Small update: I found out that my model always returned nosense like this:

python -m graphrag.query --root ./myfolder --method global "What are the main topics" "The main topic is 'What are the main topics'"

I found out that my local Ollama instance (0.3.0) seemed to ignore the system prompt and I got it working by manually stitching together the two prompts into one:

File: /graphrag/query/structured_search/global_search/search.py, method: _map_response_single_batch

#search_messages = [
#  {"role": "system", "content": search_prompt},
#  {"role": "user", "content": query},
#]
search_messages = [ {"role": "user", "content": search_prompt + "\n\n### USER QUESTION ### \n\n" + query} ]

It works for me, thanks a lot!

worstkid92 commented 1 month ago

Same issue

Small update: I found out that my model always returned nosense like this:

python -m graphrag.query --root ./myfolder --method global "What are the main topics" "The main topic is 'What are the main topics'"

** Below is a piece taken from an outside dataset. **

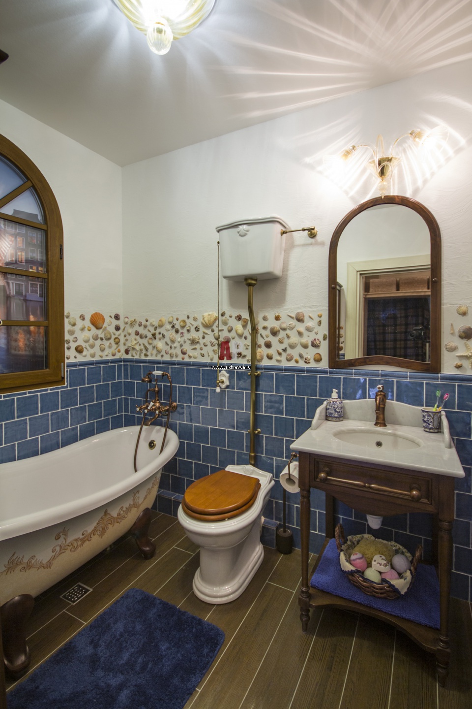 Интерьер санузла в стиле кантри. Низ стен по периметру помещения облицован керамической глазурованной плиткой ярко-синего цвета. Верх выкрашен в белый цвет и оформлен ракушками, привезенными из путешествий.

I found out that my local Ollama instance (0.3.0) seemed to ignore the system prompt and I got it working by manually stitching together the two prompts into one:

File: /graphrag/query/structured_search/global_search/search.py, method: _map_response_single_batch

#search_messages = [
#  {"role": "system", "content": search_prompt},
#  {"role": "user", "content": query},
#]
search_messages = [ {"role": "user", "content": search_prompt + "\n\n### USER QUESTION ### \n\n" + query} ]

Wow! Thank you !

Coder-Dilip commented 7 hours ago

Guys try this:

Make new Folder. Inside that folder make ragtest folder. Then use command graphrag init --root ./ragtest to initialize the workspace. Inside that ./ragtest folder, copy your previous output folder you got from running all the workflows successfully. now ask question to graph again. Surprisingly it works for me.